Stepping on Legos can be pretty painful. Building a website, although not physically painful, can leave you screaming four-letter expletives too. The Lego Star Wars Millennium Falcon comes with 7,500 pieces and instructions, just like DIY websites can be built with “easy” drag and drop features and plenty of tutorials available on YouTube. Like Legos, experts design the website templates and tutorials, so of course, building a website is easy for them.

Building a Lego Millennium Falcon is impressive and a fun challenge, but it won’t increase your sales or customer base. And the time and effort you invest are for your pleasure, so your business doesn’t depend on its success.

If you want to educate yourself and enjoy the challenge of creating a website, then the time, research, and frustration are well worth the effort. I love building new websites, but it is an ongoing learning process. Platforms are continually updating and creating new tools that are supposedly faster and easier than the previous ones. Web designers take the time to learn them because that’s our job.

Anyone can take a bunch of Legos and construct a simple building, car, or structure, but you don’t want to apply the same principle to your website. Your website should reflect your brand and style. It should not look like something pieced together using whatever colors, shapes, and blocks inspired the template designer.

Lego provides clear pictures of how your finished project will look. Your website, on the other hand, is a shot in the dark. Do you have a clear image of how you want your finished website to look, or are you going to wing it and be surprised with the final result? Will you like it, or will you have to start all over and rebuild it?

With Lego sets, you can tear down your project and rebuild it anytime you find a mistake or step on the missing piece you’ve spent hours looking for. Is that really how you want to approach building a website? Personally, I’d rather step on a Lego. It’s much easier to create a new website than to try and redesign or fix construction errors after the fact.

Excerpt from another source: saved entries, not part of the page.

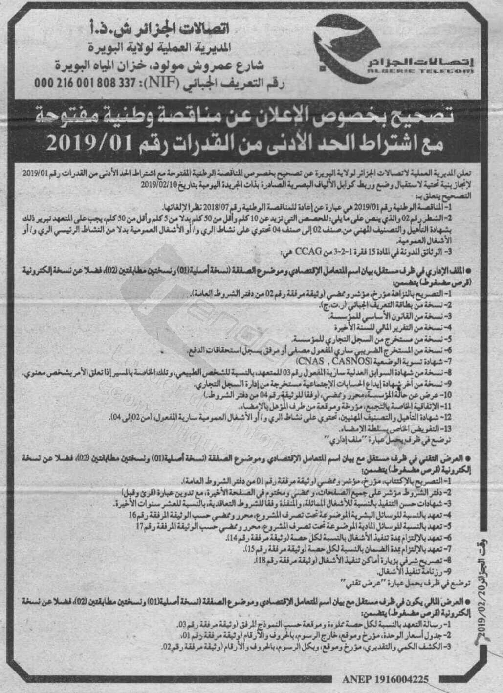 ALGERIE TELECOM/ DO WILAYA DE BOUIRA (DIRECTION OPERATIONNELLE)
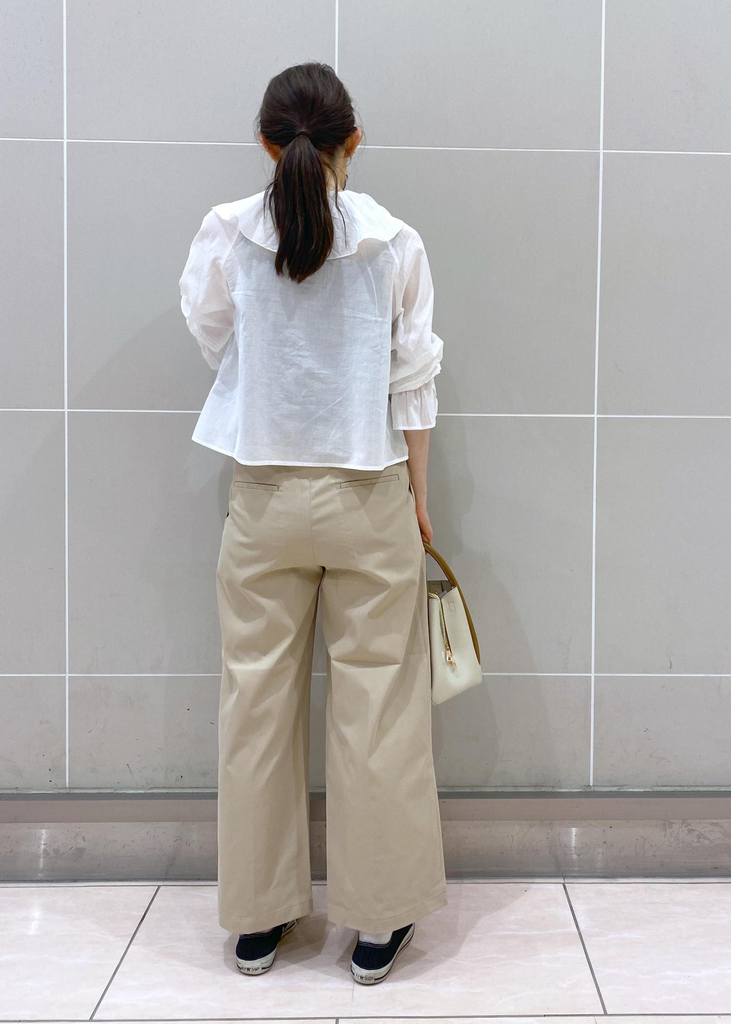 丈がすっきりしているので、パンツにインしなくてもバランスよく着こなせました。 -
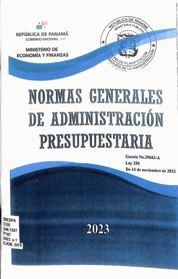 Normas Generales de Administración Presupuestaria: Gaceta Oficial No. 29,662A, Ley 336 de 2023./ Ministerio de Economía y Finanzas. por Series Ejemplar 3079, Ubicación Referencia, Leyes
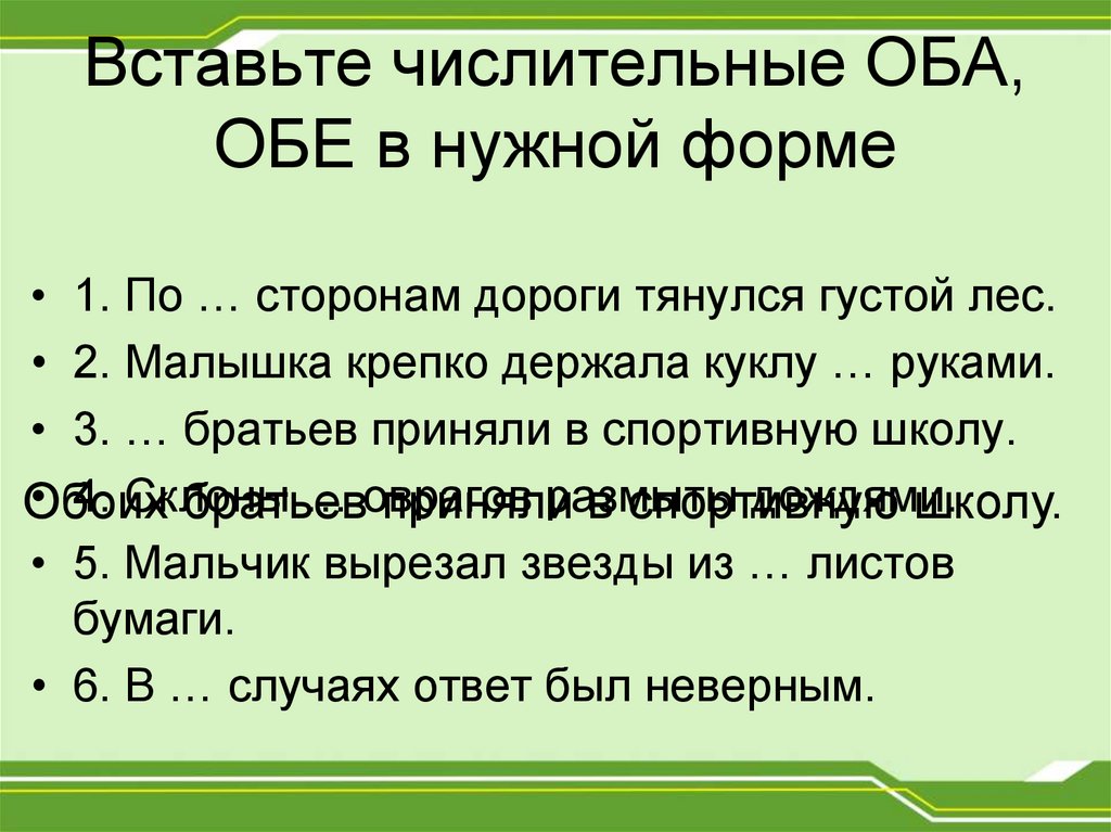 Вставьте числительные ОБА,ОБЕ в нужной форме
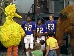 Muppets / Celebrity | Big Bird and Snuffy have a question for the New York Giants: If they are big, but Big Bird is bigger, and Snuffy is the biggest, then why are they called the Giants? (First: Episode 2359) cut from the Max version |
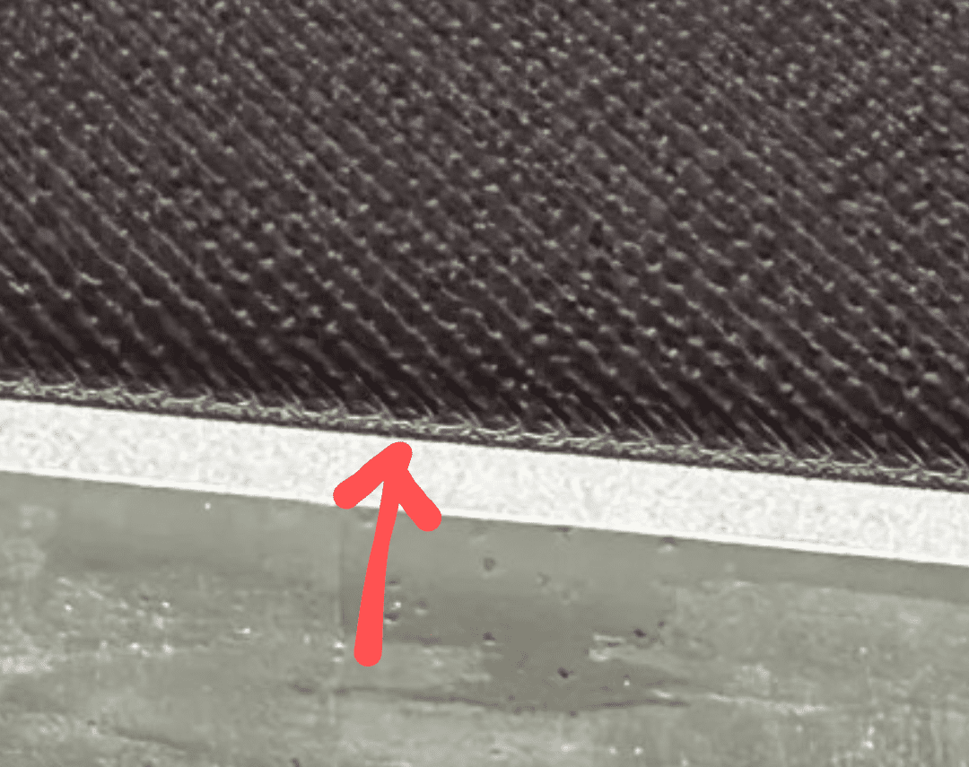 Man sieht ganz gut, das die Schicht höher als der Rand ist. Auch sieht man zwischen den einzelnen Linien auf der linken Seite ganz gut solche "Berge" an den Verbindungsstellen.Ich denke das ist immer noch eine optische Täuschung durch das Filament.
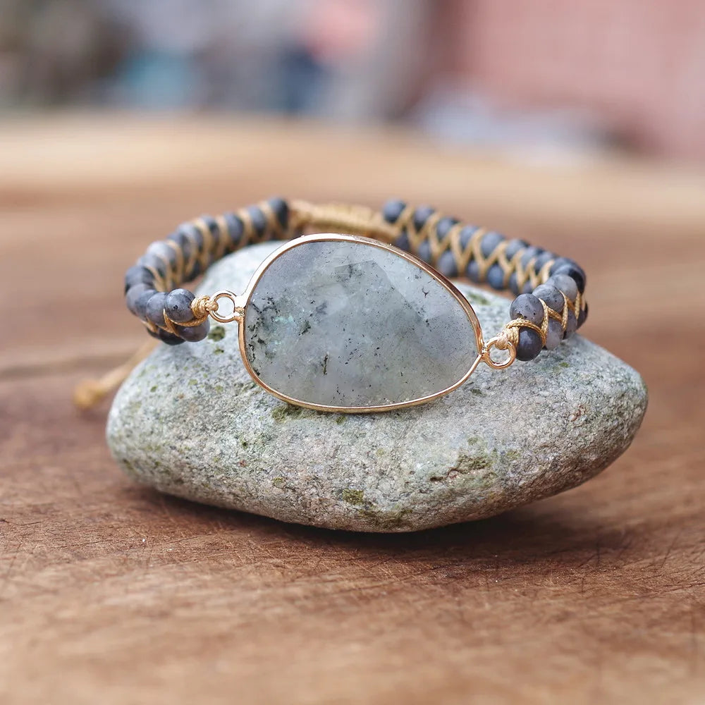 Ta ręcznie pleciona bransoletka w stylu boho i ethnic to połączenie surowej elegancji z rzemieślniczą precyzją. Centralny element w kształcie kropli nadaje jej delikatnego, a zarazem wyrazistego charakteru. Dzięki zastosowaniu regulowanego węzła przesuwnego, biżuteria ma charakter unisex i idealnie dopasowuje się do każdego nadgarstka, stanowiąc doskonały dodatek do codziennych stylizacji oraz sesji jogi.
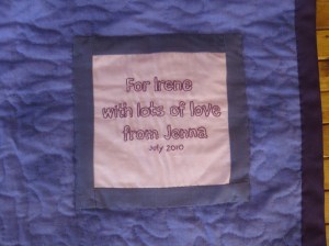 This was my first time stippling, and I couldn’t have chosen a more challenging time to try this technique. For one, as you know if you’ve been reading, my pedal is broken. I can still use it, but it explodes whenever I release pressure, and I sort of have to smash it in order to get it to start. Needless to say the speed control is problematic. (And I just realized that the replacement pedal I’ve ordered is lost in the shipping universe! Oy!). Also – my free-motion sewing foot is at my mom’s, so I had to try and do this with a normal pressing foot. It resulted in the threads getting caught in the fork of the foot about every 8 inches of sewing, which resulted in a lot of swearing. I also used this shiny rayon thread that was really pretty, and looks nice in the finished quilt, but it was a slippery snake to sew with!

Usually, the pain from stepping on a Lego is short-lived. The stress from a DIY website can last for months or become an ongoing project that you’re never quite happy or satisfied with. Finishing touches, updated pictures, new plugins or widgets can consume more time than you anticipated. That’s fine if you don’t have customers trying to find you on the internet. And since the Lego piece you step on is usually the one you’ve been looking for, perhaps the missing piece you need for your website is a graphic designer.